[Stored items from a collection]
++++++++++++++++++++

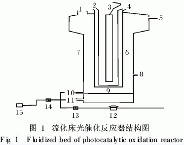 1.加料口,排氣口;2.冷凝水進口;3.高壓汞燈;4.冷凝水出口; 5.出水口;6.石英冷肼;7.反應(yīng)瓶;8.取樣口;9.曝氣板;10.進水口; 11.進氣口;12.泵;13.液體流量計;14.氣體流量計;15.空壓機
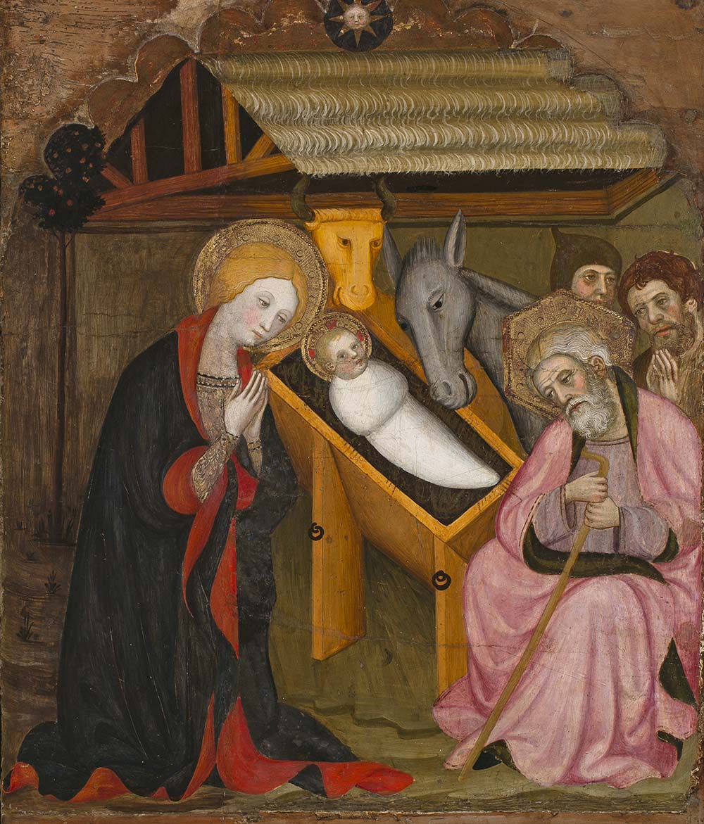 Al marge de la fredor d’un nounat nu i solitari a terra, adorat per Josep i Maria segons les visions que Santa Brígida havia tingut en somnis, a partir del segle XIV, i fruit d’un procés progressiu d’humanització, la imatge de la Sagrada Família sovint va començar a ser més propera, càlida, viva i tendra que en representacions anteriors. Un exemple prou representatiu el tenim amb aquesta escena pintada per Pere Serra al voltant del 1400, amb sant Josep, la Verge, el bou i la mula acompanyant el nen embolcallat amb bolquers dins la menjadora.
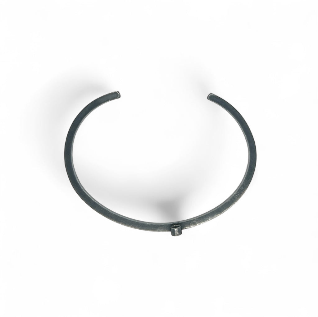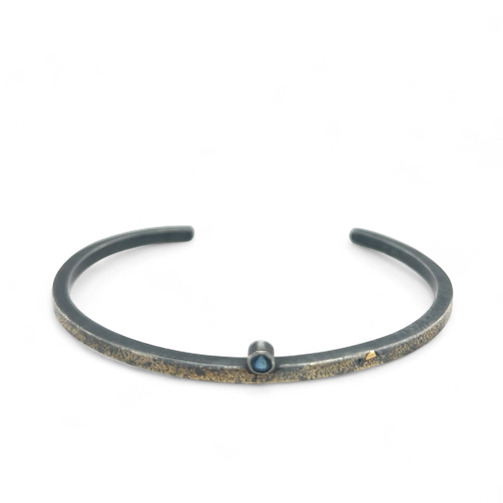 Sterling silver cuff accented with fused 14 and 18 karat gold dust. A 3mm brilliant cut dark blue round sapphire is set in sterling silver asymmetrically on the cuff. Cuff measures 5.25 inches in length with a 1 3/16 inch gap. Please measure your wrist carefully before ordering to ensure a good fit.
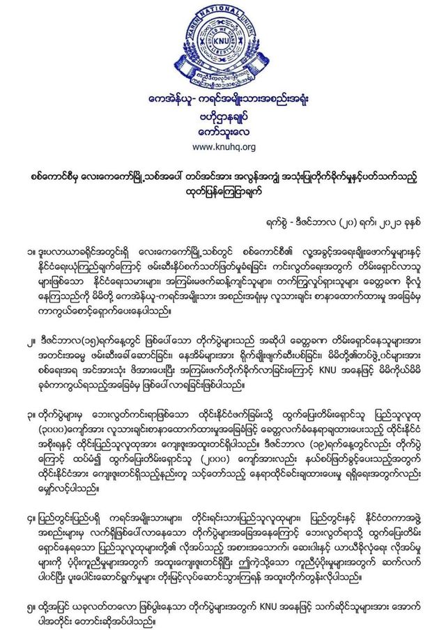 စစ်ကောင်စီအတွင်းရှိ တပ်ဗိုလ်၊ တပ်မှူးများအနေဖြင့် ကျရှုံးနိုင်ငံအဖြစ်ရောက်ရှိနေသည့် နိုင်ငံကို ပြန်လည်ကယ်ဆယ်သည့်အနေဖြင့် ပြည်သူလူထုဘက် ပူးပေါင်းပါဝင်ဖို့ ကရင်အမျိုးသားအစည်းအရုံး KNU က တောင်းဆိုသည့် ကြေငြာချက်တရပ်ကို ဒီကနေ့မှာ ထုတ်ပြန်ခဲ့ပါတယ်။
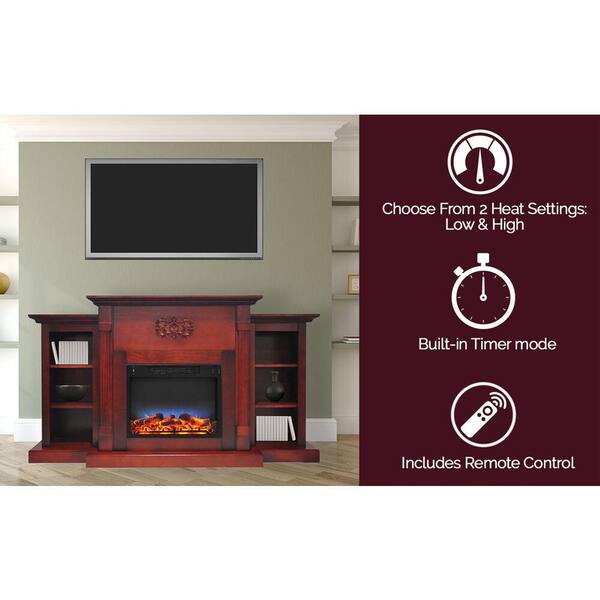 Sanoma 72 in. Electric Fireplace in Cherry with Bookshelves and a Multi-Color LED Flame Display
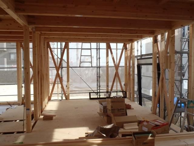 ・木工事、下屋根下地・防水紙葺き、構造金物取付を終え
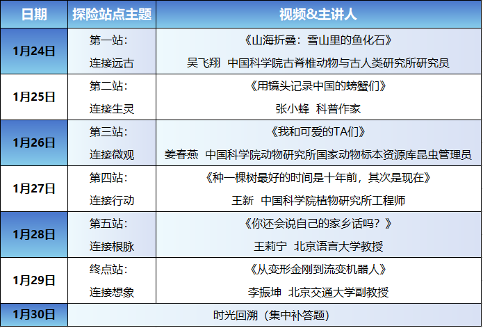 1月24日-30日,每天用同一账号进入小程序,完成当天学习活动,遇到问题,可向坐镇科学家提问(向科学家提问时间1月24-2月8日)
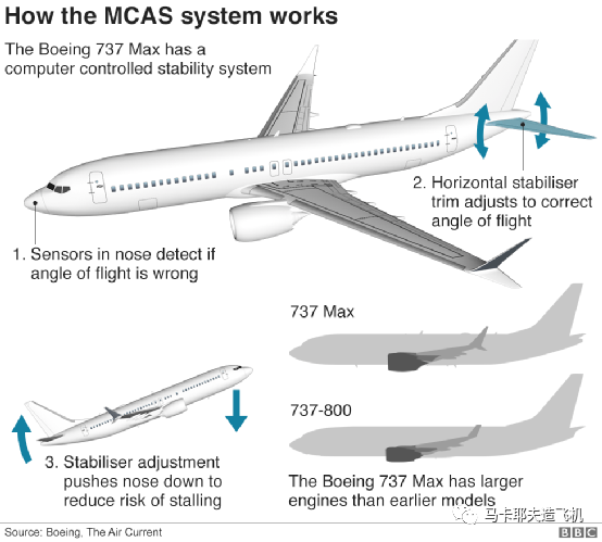 那咋办呢?波音这种百年巨头,有全世界最优秀的工程师队伍。他们给这个bug打了个补丁,给飞机的飞控系统加了个程序,叫机动特性增强系统(MCAS)。

++++++++++++++++++++

What to do –
In the data above, start at the line holding "စစ်ကောင်စီအတွင်းရှိ တပ်ဗိုလ်၊ တပ်မှူးများအနေဖြင့်" and stop after the line holding "Sanoma 72 in."; write out those lines exactly, without pictures.

Problem solution –
 စစ်ကောင်စီအတွင်းရှိ တပ်ဗိုလ်၊ တပ်မှူးများအနေဖြင့် ကျရှုံးနိုင်ငံအဖြစ်ရောက်ရှိနေသည့် နိုင်ငံကို ပြန်လည်ကယ်ဆယ်သည့်အနေဖြင့် ပြည်သူလူထုဘက် ပူးပေါင်းပါဝင်ဖို့ ကရင်အမျိုးသားအစည်းအရုံး KNU က တောင်းဆိုသည့် ကြေငြာချက်တရပ်ကို ဒီကနေ့မှာ ထုတ်ပြန်ခဲ့ပါတယ်။
 Sanoma 72 in. Electric Fireplace in Cherry with Bookshelves and a Multi-Color LED Flame Display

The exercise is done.